李嫂越说越起劲,唾沫星子几乎要溅到林凤娇脸上。林凤娇转身冷冷道:“李嫂,你忙你的,我要回去了!”说罢,她提起灯就往自家方向走,步子又急又重。
“你赶紧让你妹妹找个男人嫁了吧!再不嫁,村里那些小伙子晚上觉都睡不着,早晚闹出事情来!”李嫂扯着嗓子喊,声音在寂静的村夜里格外刺耳。
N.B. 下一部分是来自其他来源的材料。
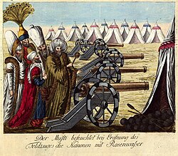 Barıtlı silah əldə edən üç imperiyadan birincisi Osmanlı İmperiyası olmuşdur. 14-cü əsrdə Osmanlılar barıt artilleriyasını mənimsəmişdilər. Osmanlılar tərəfindən barıt silahlarının qəbulu o qədər sürətli oldu ki, onlar "odlu silahların istehsalı və idarə edilməsində ixtisaslaşmış mərkəzləşdirilmiş və daimi qoşunların yaradılmasında həm Avropalı, həm də Yaxın Şərqdəki rəqiblərini qabaqladılar". Lakin, bu onların rəqiblərini şoka saldı və digər iki İslam imperiyasını silah proqramlarını sürətləndirməyə sövq etdi. Osmanlılar ən azından artıq I Bayazidin dövründə artilleriyaya sahib idilər və onlardan 1399 və 1402-ci illərdə Konstantinopolun mühasirələrində ondan istifadə etdilər. Onlar nəhayət 1430-cu ildə Salonikanın müvəffəqiyyətli mühasirəsində mühasirə mühərrikləri kimi öz silahlarını sübut etdilər. Osmanlılar toplarını tökmək üçün Yaxın Şərq və Avropa tökmə zavodlarından istifadə etdilər və 1453-cü ildə Konstantinopolun mühasirəsi zamanı onların şəhərin divarlarını dağıtmaq üçün kifayət qədər böyük topları var idi ki, bu da müdafiəçiləri təəccübləndirmişdi.

“行了行了,人都走远了,你说这些给谁听?管什么用!”刘长根拉扯着她劝道。
李嫂一把甩开丈夫的手,声音更高了:“我怕什么?我这肚子一天比一天大,白天不出来,晚上还不准我说几句了?”
“说话小声点,当心肚子里的孩子!万一……”刘长根急得直跺脚。
“谁敢举报我?我掘了他家的祖坟!”
“你小点声!非要闹得全村人都听见吗?”刘长根急得去捂她的嘴,“你不怕谁?就不怕被人举报你超生?你别忘了,这老三是严重违反政策的!”
李嫂生完二胎,交了一点罚款,便很快被拉去放了节育环了事。
可村子里头有那么一波人很不安分,在多子多福的腐朽思想作崇下,偷生,躲生,和计生干部搞游击战。村里有不少人接连生了三胎,四胎,甚至五胎。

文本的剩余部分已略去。